3. Exploratory Data Analysis - Properties

3.1. Number of Properties by Location and Online Visit Status

p <- property %>% 
  group_by(location, online_visits) %>% 
  tally() %>% 
  ungroup() %>% 
  dplyr::rename(`Online Visits` = online_visits) %>% 
  ggplot(aes(x = location, y = n, fill = `Online Visits`, label = n)) +
  geom_col(position = 'dodge') +
  geom_text(position = position_dodge(width = 0.9), vjust = -1) +
  ylim(0, 650) +
  ylab('Location') +
  xlab('Number of Property') +
  theme_hc() +
  ggtitle('Number of Properties by Location')

print(p)
ggsave(file.path(here::here(), 'fig/01_num_prop_location.png'), p)

3.2. Mean Ratings and Mean Number of Reviews by Online Visit Status

p <- property %>% 
  group_by(online_visits) %>% 
  summarize(mean_rating = mean(avg_review_rating_num),
            mean_num_reviews = mean(number_of_reviews_on_the_property_num)) %>% 
  ungroup() %>% 
  dplyr::rename(`Online Visits` = online_visits) %>% 
  gather(key = 'metrics', value = 'value', -`Online Visits`) %>% 
  mutate(metrics = if_else(metrics == 'mean_rating', "Average Rating", "Average Number of Rating")) %>% 
  ggplot(aes(x = metrics, y = value, fill = `Online Visits`, label = round(value, 2))) +
  geom_col(position = 'dodge') +
  geom_text(position = position_dodge(width = 0.9), vjust = -1) +
  xlab('Metrics') +
  ylab('Value') +
  theme_hc() +
  ggtitle('Mean Ratings and Mean Number of Reviews by Online Visit Status') +
  ylim(0, 15)

print(p)
ggsave(file.path(here::here(), 'fig/02_avg_rating_review_by_tour.png'), p)
p <- property %>% 
  group_by(location, online_visits) %>% 
  summarize(mean_rating = mean(avg_review_rating_num),
            mean_num_reviews = mean(number_of_reviews_on_the_property_num)) %>% 
  ungroup() %>% 
  dplyr::rename(`Online Visits` = online_visits) %>% 
  gather(key = 'metrics', value = 'value', -`Online Visits`, -location) %>% 
  mutate(metrics = if_else(metrics == 'mean_rating', "Average Rating", "Average Number of Rating")) %>% 
  ggplot(aes(x = metrics, y = value, fill = `Online Visits`, label = round(value, 2))) +
  geom_col(position = 'dodge') +
  geom_text(position = position_dodge(width = 0.9), hjust = -0.15) +
  xlab('Metrics') +
  ylab('Value') +
  theme_hc() +
  ggtitle('Mean Ratings and Mean Number of Reviews by Online Visit Status') +
  ylim(0, 20) +
  coord_flip() +
  facet_wrap(~location)

print(p)
ggsave(file.path(here::here(), 'fig/02B_avg_rating_review_by_tour_by_loc.png'), p, width = 8, height = 4, dpi = 300)

There is weak evidence that the properties in the online visit group has higher average ratings than the non-online visit group.

continuous_vars <- c('avg_review_rating_num', 'number_of_reviews_on_the_property_num')
map(continuous_vars, vectorize_ttest_for_property, property)

When breaking into specific locations: There is weak evidence that the properties in the online visit group has higher average ratings than the non-online visit group in Texas. There is weak evidence that the properties in the online visit group has lower average number of reviews than the non-online visit group in Nevada

continuous_vars <- c('avg_review_rating_num', 'number_of_reviews_on_the_property_num')
cat('================= FLORIDA ================= \n\n')
map(continuous_vars, vectorize_ttest_for_property, property_FL)
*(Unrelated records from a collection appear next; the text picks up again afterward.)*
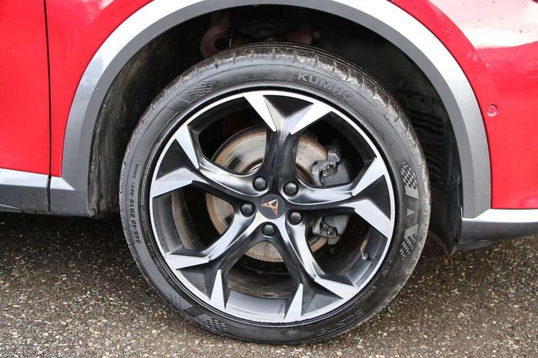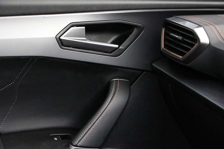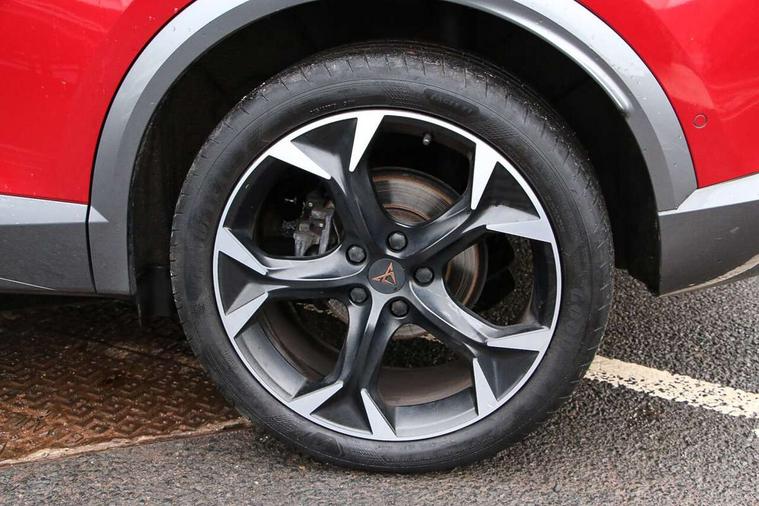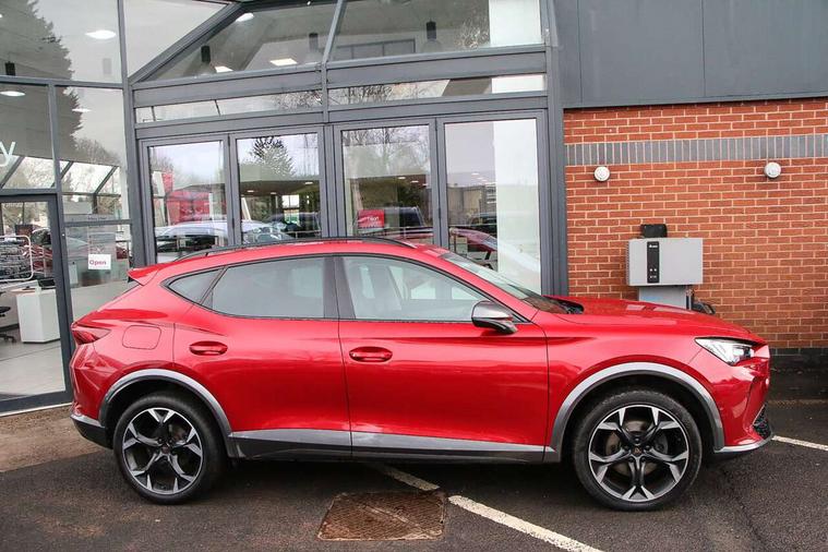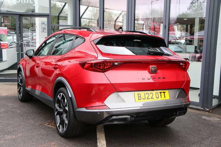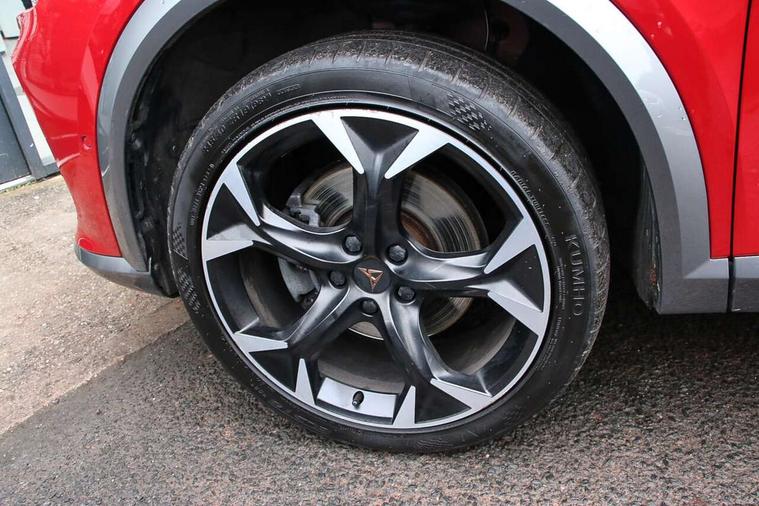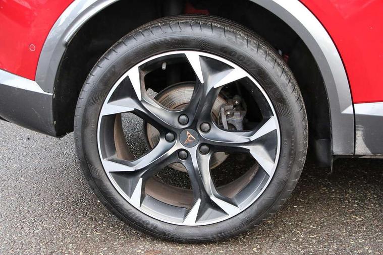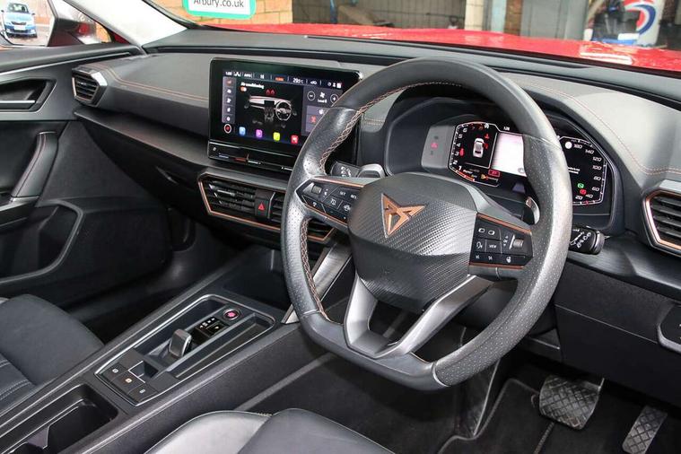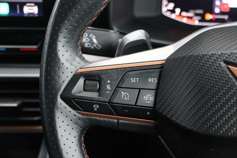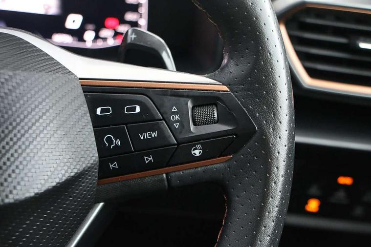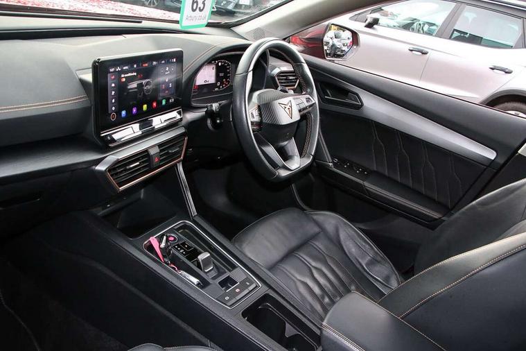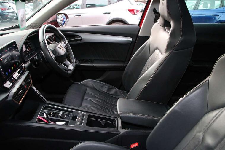 Digital cockpit and configurable dashboard, Driver alert system, Driving profile selection, E-call, Forward collision warning with automatic braking, Lane assist, Park assist (inc front/rear parking sensors), PAS, Predictive adaptive cruise control with speed limiter, Rear view camera, RPM, trip computer, outside temp gauge, instrument light brightness, low fuel warning light, lights on reminder, gearshift indicator, Service interval indicator, Start/stop system with regenerative braking, Wireless apple carplay, Wireless phone charger, Electronic locking differential and dynamic traction support, Standard suspension, 2 front and 2 rear USB type C sockets, Auxiliary input socket, DAB radio, Auto dimming rear view mirror, Body colour door handles, Body coloured bumpers, Dark grey wing mirror, Daytime running light with automatic headlight control and coming home feature, Dynamic headlight range control, Electric front/rear windows, Electrically adjustable heated and folding door mirrors with memory function, Front fog lamps with cornering function, Gloss black roof rails and window surrounds, LED Headlights, LED Taillights with dynamic indicator, Rain sensing wipers, Rear diffuser with black simulated exhaust pipes, Rear side wing doors, Rear wash/wipe, Third brake light, Tinted rear windows, Welcome lights, 12v power supply in centre console, 12V socket, 12v socket in loadspace, 2 front and 2 rear reading lights, 230V socket, 3 seat bench in 2nd row, 60/40 split rear bench seat with armrest and mechanical seat release, Dust/pollen filter, Front and rear head restraints, Front centre armrest, Height/reach adjust steering wheel, Illuminated interior front door sills, Illuminated sunvisor with mirror, Isofix, Leather multi function heated steering wheel with gear shift paddles, Luggage tie-down hooks, Single front passenger seat, Three zone climate control with control panel in rear, Variable luggage/load compartment floor, Wraparound lighting, Genuine Nappa leather Pack - Cupra, Navigation system pack with 10" navigation system - Formentor, 3 point seatbelts on all rear seats, ABS, Brake control system - ESC and brake booster, Child proof door locks, Driver and front passenger airbags with front passenger airbag de-activation, Electronic parking brake, Front and rear disc brakes, Front side curtain airbags, Hill hold control, Seat belt reminder for front and rear seats, Tyre pressure monitoring system, Anti theft alarm system, Keyless entry and start system (KESSY), Locking wheel bolts, Copper and aluminium interior detailing, 19" 'Exclusive' machined sport matte black and silver alloy wheels,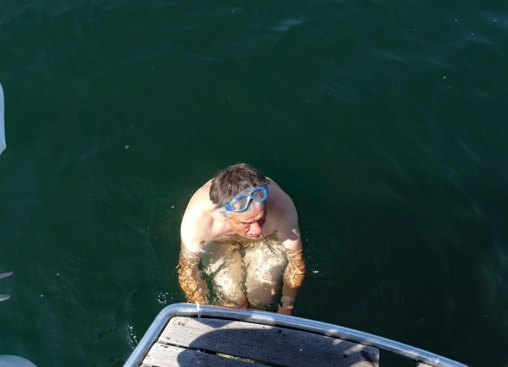 Wolfgang geht schwimmen und taucht an der Ankerkette zum Anker hinunter. Der Anker hat sich trotz des vielen Krauts gut eingegraben.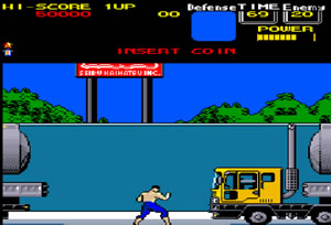탁트인 도로를 배경으로 여기저기 몰려오는 불량배들을 하나하나 남김없이 쓰러트려야 하는 액션 타이틀인 너클조입니다.플레이시 팁을 드리자면 그냥 지나갈때는 공격을 안하기 때문에 스치면서 펀치나 킥을 날려 공격하는게 데미지를 덜 받는 지름길입니다.연습이 좀 필요한데 능숙해지면 스치면서 공격하는게 훨씬 편하실겁니다.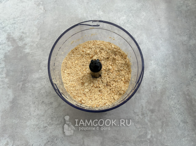 Печенье крекер измельчите в блендере в мелкую крошку.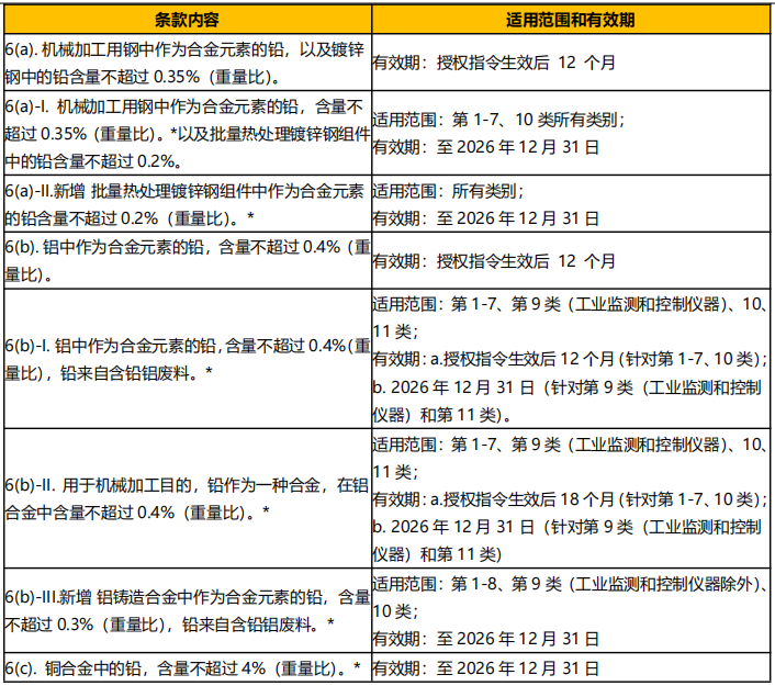 针对钢合金、铝合金、铜合金中的铅豁免,草案拟更新附件 III 中第 6(a)、6(a)- I、6(b)、6(b)- I、6(b)- II和 6(c)项条款。

cat('================= TEXAS ================= \n\n')
map(continuous_vars, vectorize_ttest_for_property, property_TX)

cat('================= NEVADA ================= \n\n')
map(continuous_vars, vectorize_ttest_for_property, property_NV)

3.3. Property Size by Online Visit Status

p <- property %>% 
  group_by(online_visits) %>% 
  summarize(`Avg # of Bedrooms` = mean(bedrooms),
            `Avg # of Bathrooms` = mean(bathrooms),
            `Avg Maximum Occupancy` = mean(maximum_occupancy)) %>% 
  ungroup() %>% 
  dplyr::rename(`Online Visits` = online_visits) %>% 
  gather(key = 'metrics', value = 'value', -`Online Visits`) %>% 
  ggplot(aes(x = metrics, y = value, fill = `Online Visits`, label = round(value, 2))) +
  geom_col(position = 'dodge') +
  geom_text(position = position_dodge(width = 0.9), vjust = -1) +
  xlab('Metrics') +
  ylab('Value') +
  theme_hc() +
  ggtitle('Average Property Size by Online Visit Option') +
  ylim(0, 10)

print(p)
ggsave(file.path(here::here(), 'fig/03_prop_size_by_online_visit.png'), p)
p <- property %>% 
  group_by(location, online_visits) %>% 
  summarize(`Avg # of Bedrooms` = mean(bedrooms),
            `Avg # of Bathrooms` = mean(bathrooms),
            `Avg Maximum Occupancy` = mean(maximum_occupancy)) %>% 
  ungroup() %>% 
  dplyr::rename(`Online Visits` = online_visits) %>% 
  gather(key = 'metrics', value = 'value', -`Online Visits`, -location) %>% 
  ggplot(aes(x = metrics, y = value, fill = `Online Visits`, label = round(value, 2))) +
  geom_col(position = 'dodge') +
  geom_text(position = position_dodge(width = 0.9), hjust = -0.15) +
  xlab('Metrics') +
  ylab('Value') +
  theme_hc() +
  ggtitle('Average Property Size by Online Visit Option') +
  ylim(0, 15) +
  coord_flip() +
  facet_wrap(~location)

print(p)
ggsave(file.path(here::here(), 'fig/03B_prop_size_by_online_visit_by_loc.png'), p, width = 8, height = 4, dpi = 300)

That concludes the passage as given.